# (How) is a single photon polarized?

What quantum mechanical property of the photon determines its polarization?
Can a single photon be unpolarized?
Can a single photon be linear polarized?
Can a single photon be circular polarized?
Can a single photon's polarization be changed?

Can classical and quantum mechanical polarization of an electromagnetic wave/photon coexist?

Richard

Related Quantum Physics News on Phys.org
Photons are bosons and have spin $$\pm$$ 1, corresponding to two different circular polarization modes. One photon has one of these two, and other modes of polarization are achieved by superposition of more photons.

dextercioby
Homework Helper
Actually the spin quantum number of a photon is 1 and +/- 1 is the helicity (helicity quantum numbers).

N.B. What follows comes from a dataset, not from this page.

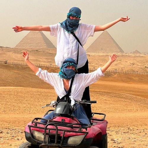 Climb aboard a zesty ATV and set off on a rip-roaring ride through the sun-baked desert encircling the majestic Giza Pyramids. The adventure begins with a convenient hotel pickup in either Cairo or Giza, where the friendly guide awaits to whisk away thrill-seekers. Upon arrival at the Giza Pyramids, the adrenaline starts pumping as explorers saddle up on their quad bikes, primed for discovery. Speeding over the undulating dunes at a thrilling 20-30mph, they'll experience the Great Pyramids from a completely fresh perspective. Once the exhilarating tour concludes, the guide ensures a safe and comfortable return to the hotel. So, why wait? Secure a spot on this unforgettable adventure and uncover a new way to experience the pyramids!

Does the spin quantum number or the helicity quantum number of the photon correspond to the classical concept of electromagnetic wave polarization?

Ok let me just writ it out it's simplest this way
The free electromagnetic potential is given by:

$$a^\mu (x) = (2\pi )^{ - 3/2} \int {\frac{{d^3 p}} {{\sqrt {2p^0 } }}} \sum\limits_\sigma {\left[ {e^{ip \cdot x} e^\mu ({\mathbf{p}},\sigma )a({\mathbf{p}},\sigma ) + e^{ - p \cdot x} e^{\mu *} ({\mathbf{p}},\sigma )a^\dag ({\mathbf{p}},\sigma )} \right]}$$

Now, $$e^\mu ({\mathbf{p}},\sigma )$$ that represents the direction of the field is called a polarization vector.
$$\sigma$$ the helicity can be thought of as in which direction the polarization vector is rotating clockwise or counterclockwise.

This very similar to the classical situation.

Classically for a single monochromatic plane wave, if you pick your coordinates properly, the wave can be written in the general form:

$${\mathbf{A}} = B\cos (kz - \omega t){\mathbf{x}} \pm C\sin (kz - \omega t){\mathbf{y}}$$ where B and C are the polarizations of the wave, elliptical in general, and the $$\pm$$ symbol represents the helicities which just determine the direction of rotation of the polarized wave.